Le Mali parmi les plus touchés par la menace des mines antipersonnel

L’Etat sahélien a la particularité de connaître un éparpillement d’engins explosifs improvisés sur ses routes

En 2019, le Mali, figurait en 2019 parmi les plus touchés par la menace des mines antipersonnel. C’est ce qui ressort du rapport annuel de l’Observatoire des mines présenté jeudi 12 novembre par l’association Handicap International. Le document dresse une nouvelle fois un bilan mitigé de l’application de la Convention d’Ottawa interdisant depuis 1999 l’usage de ces armes.

Les mines antipersonnel ont coûté la vie à 5 554 personnes en 2019. Soit 80 % des civils et pour plus de 40 % des enfants.  Les cinq Etats qui ont compté le plus de victimes l’année dernière sont entre autres : l’Afghanistan (1 538 morts), le Mali (345), l’Ukraine (324), le Yémen (248), et le Nigeria (239).

L’Etat sahélien a la particularité de connaître un éparpillement d’engins explosifs improvisés (IED) sur ses routes.
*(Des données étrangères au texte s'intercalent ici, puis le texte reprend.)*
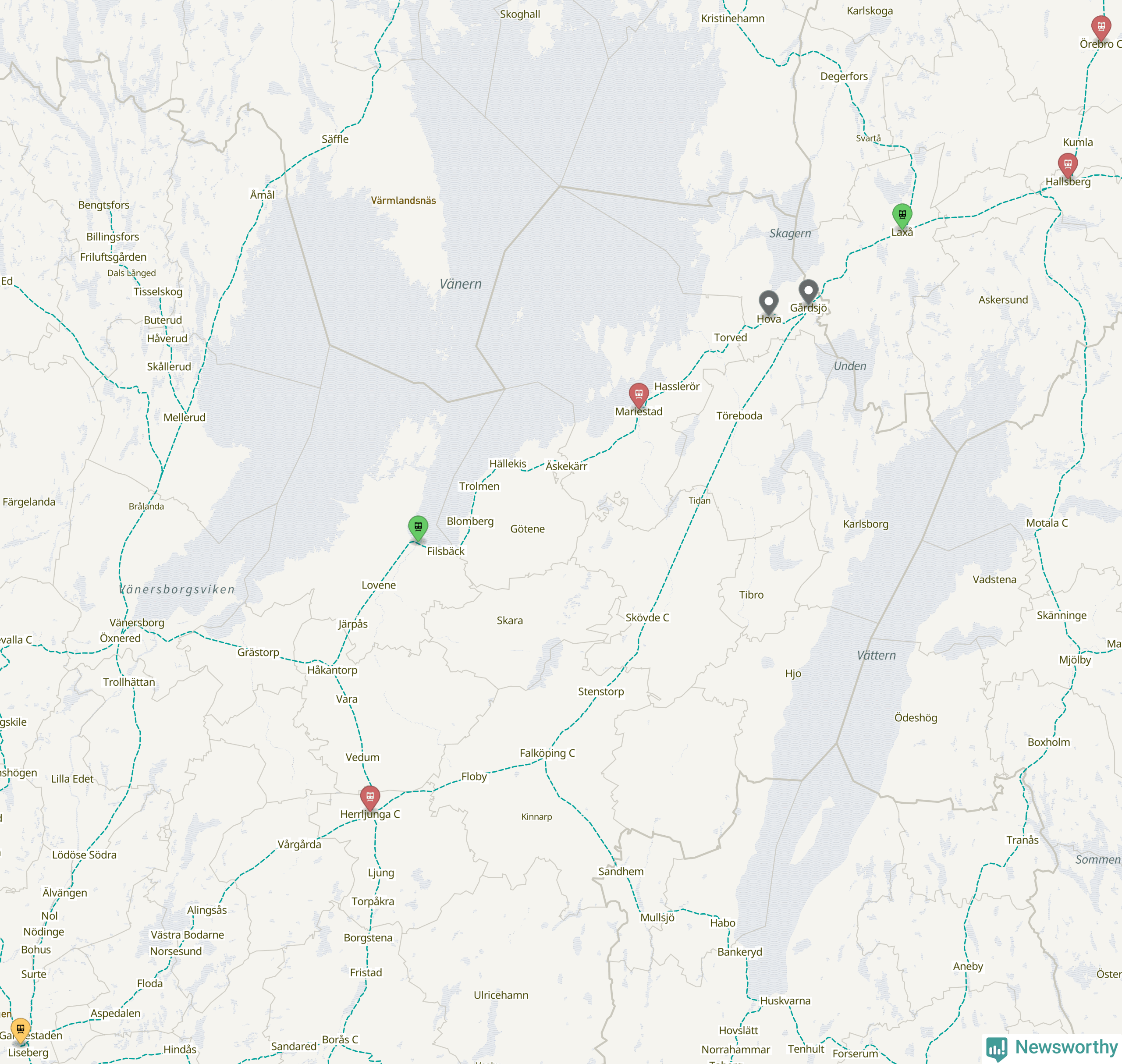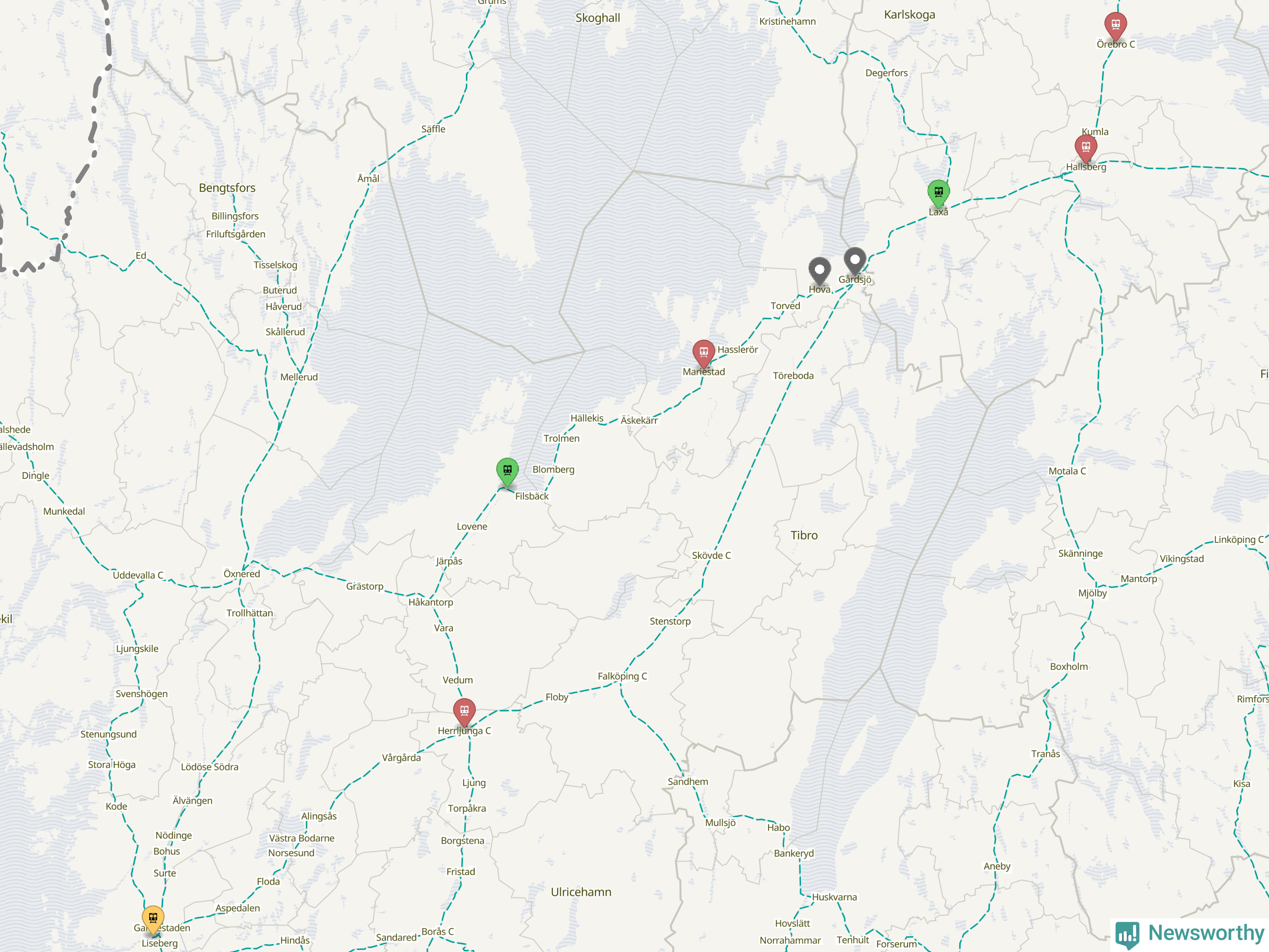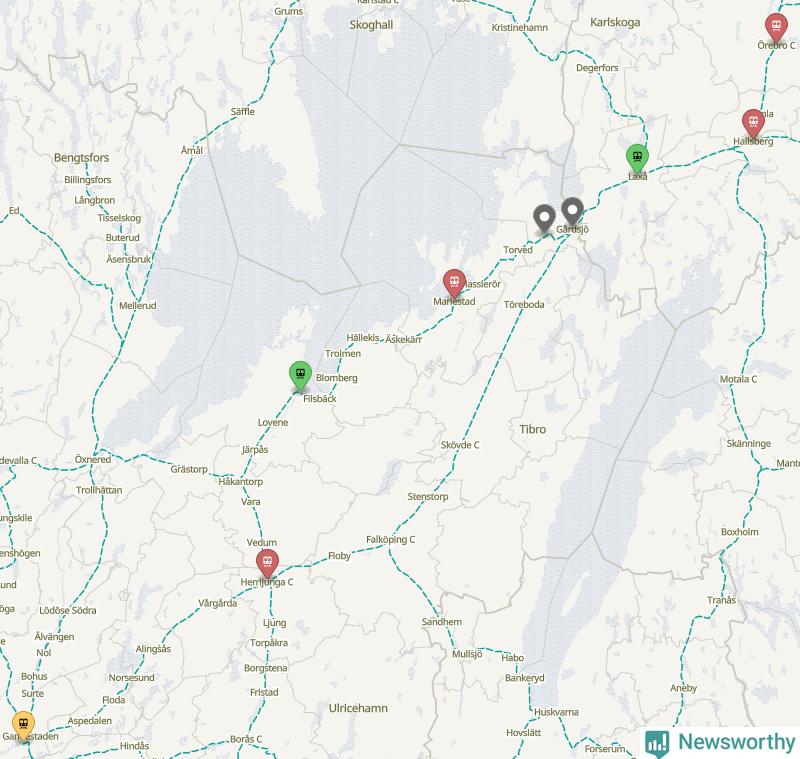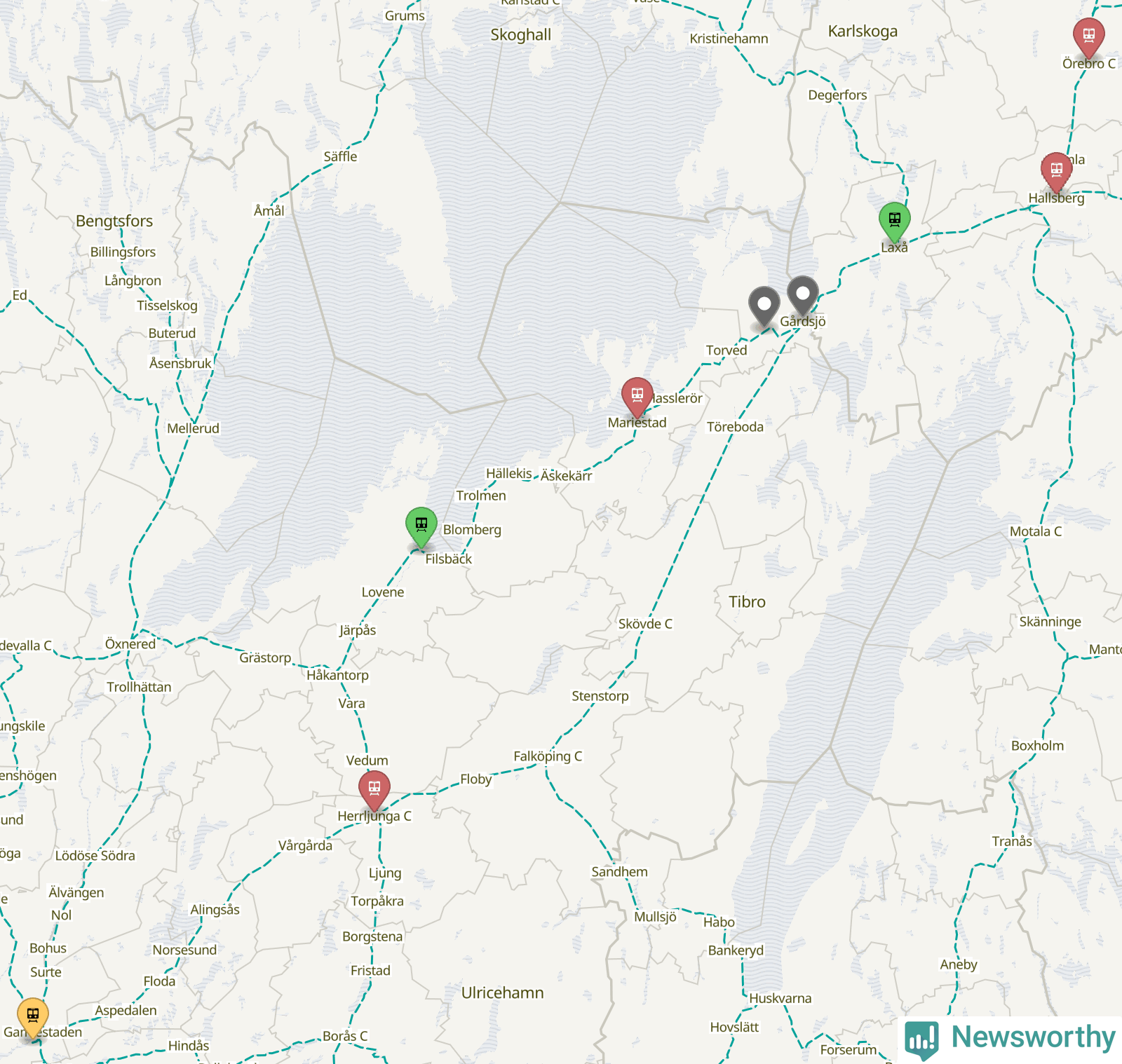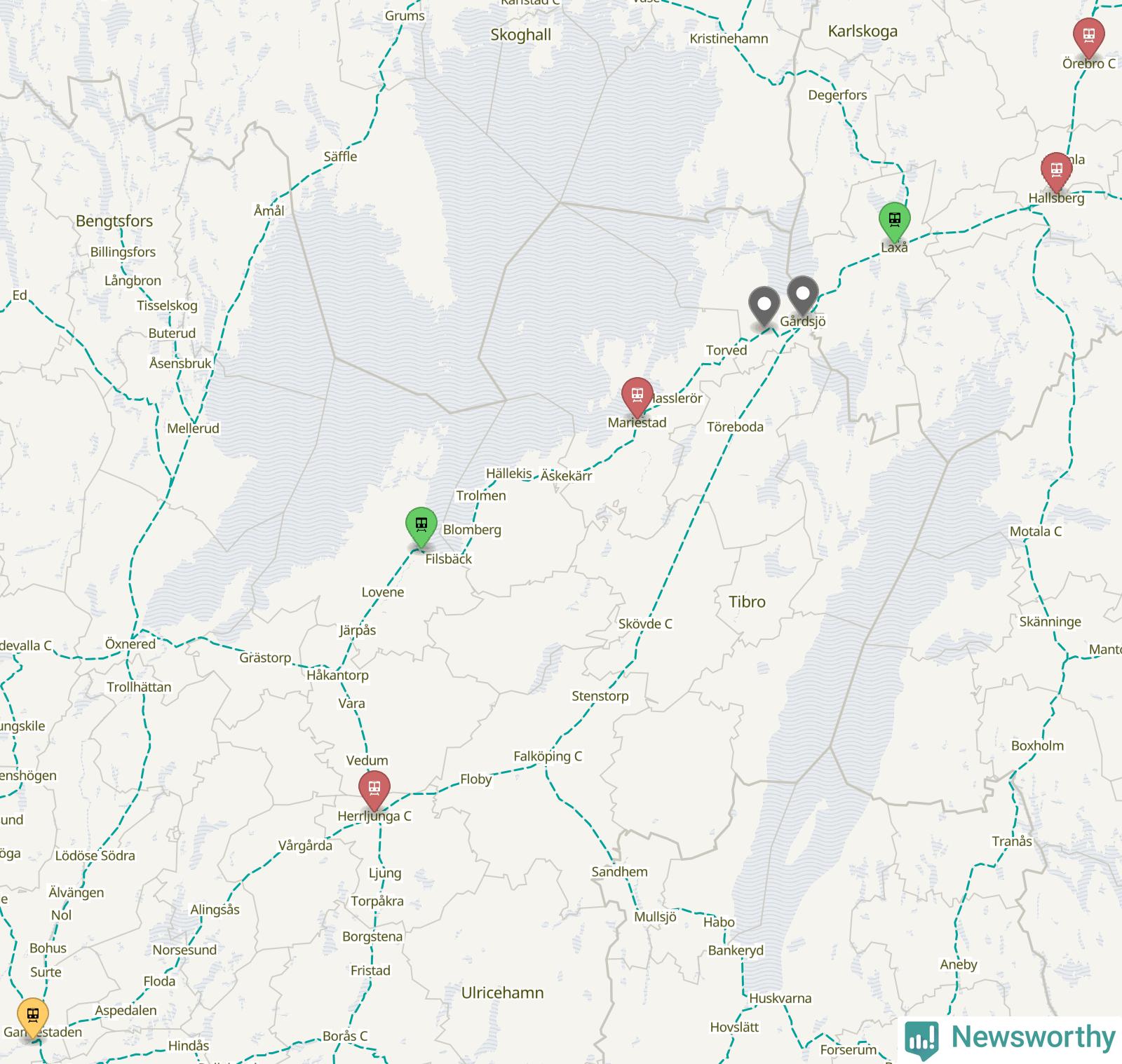 4 juni 11.28–14.10olyckaStopp i tågtrafiken mellan Skövde och Töreboda på grund av en olycka

Ils visent principalement la destruction de véhicules, notamment des bus transportant des villageois. Ou encore des convois militaires des forces étrangères stationnées dans le pays.

« Le Mali a confirmé une contamination par les mines anti-véhicules depuis 2017. Il a subi une augmentation significative des incidents causés par des IED, y compris des mines improvisées, dans le centre du pays », explique le rapport.

Des formations au repérage des IED

« Les chauffeurs sont devenus un groupe cible essentiel » à cause du nouveau danger posé par ces armes déclenchées par pression ou à distance : cette réalité a contraint l’Organisation des Nations unies (ONU) à développer des formations au repérage des IED. « Les nomades et les communautés pastorales ont aussi été des groupes prioritaires pour cette éducation au risque », au Mali comme dans les Etats voisins, le Tchad ou la Mauritanie.

Des déclarations annonçant l’arrivée de nouvelles mines antipersonnel aux mains des groupes armés non étatiques qui combattent au Mali…n’ont pu être « confirmées », précise l’Observatoire des mines.

En plus, « dans certains incidents, il n’est pas toujours possible de savoir si l’engin impliqué était un IED commandé à distance qui n’a pas été utilisé (il s’apparente dans ce cas plus à un “reste explosif de guerre” qu’à une mine) ou s’il s’agissait d’une mine activée à dessein. L’impact en termes de pertes est impossible à distinguer ».